# Need a new internet connection/broadband in Delhi for 500-1k



## Jim Kirk (Jun 14, 2015)

Hello, I need a new internet connection for both my PC and laptop. I am not a big downloader, what I want is fast speed while surfing especially the stock market websites and platforms. 

I have seen MTNL as well, but reviews are little disappointed. 

Please suggest me good one in South Delhi near malviya nagar.


----------



## deepanshuchg (Jun 15, 2015)

Jim Kirk said:


> Hello, I need a new internet connection for both my PC and laptop. I am not a big downloader, what I want is fast speed while surfing especially the stock market websites and platforms.
> 
> I have seen MTNL as well, but reviews are little disappointed.
> 
> Please suggest me good one in South Delhi near malviya nagar.

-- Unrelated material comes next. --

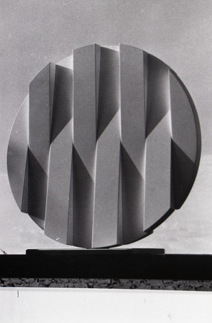 Nino Perizi realizza la “Ruota solare”, in cemento bianco, alta 4 metri. Nino Perizi vince il bando destinato al Centro sportivo. L'opera si trova presso la Strada Provinciale del Carso.

A big NO to MTNL. Most of the time you will find it not working.

Where exactly do you put up? Maviya nagar or some nearby area?

I would suggest to check out with some local Internet providers or go with Airtel, expensive but reliable.


----------



## Jim Kirk (Jun 15, 2015)

I recently talked to MTNL and airtel both

MTNL is providing the new connection at Rs 1600 with a plan of 630 approx. 

whereas airtel is giving all the things for free with a plan of Rs. 1100 minimum. That is costly for me. 

which local providers are giving service in saket or nearby


----------



## deepanshuchg (Jun 15, 2015)

Jim Kirk said:


> I recently talked to MTNL and airtel both
> 
> MTNL is providing the new connection at Rs 1600 with a plan of 630 approx.
> 
> ...



Yep as I mentioned Airtel might not fit your budget. But again don't opt for MTNL in any circumstance you'll regret it if you need a reliable connection. MTNL can stop working anytime. Anytime.

And about local providers, they are confined to just one particular area, so one local provider providing services at Madangir(DDA Flats) might not provide at saket or malviya nagar and vice versa. So you will have to ask around about it and get some contacts of local ISPs.


----------



## pkkumarcool (Jun 16, 2015)

whats your main usage online gaming,video streaming,downloading? i would suggest look for local cable internet providers alliance,spectranet,hathway or den boomband check that in your area.Den boomband is pretty promising a friend of gets as low as 10ms online ping in it pretty cheap too


----------



## Jim Kirk (Jun 16, 2015)

Well, I am not a big downloader. Basically what i need is fast surfing. Yes, sometimes I may download and upload some stuffs as I am a webmaster too. 

Sometimes I may use it for downloading movies songs and videos but not regularly.


----------



## Shal (Jul 15, 2015)

Does anyone know any good Internet provider in Madangir DDA Flat Area of Southwest Delhi? I ask in this thread as deepanshuchg  mentioned the area in his reply in post #4, so I thought may be there are people of my area in this forum who can enlighten me on the matter. Currently I have a local Cable internet which gives the connection of World Phone. The cost is too much Rs 800/month when compared to the connection plan of 384 kbps (unlimited). The connection is steady and the speed is okay basic browsing and a few movie per month bus I feel that I am paying too much for it. Another local cable person has a plan of Airtel wired internet of unlimited 384 kbps for 699, 512 for 799, 1mbps for 1199. However, I do not know any person using this locally offered Airtel plan and didnt find anything of this sort in the Airtel website. Furthermore, the cablewala giving the Airtel connection cannot tell me about their FUP policy, and I am afraid if Airtel bans torrent sites some of the times like Reliance do. Any information will be much appreciated.


----------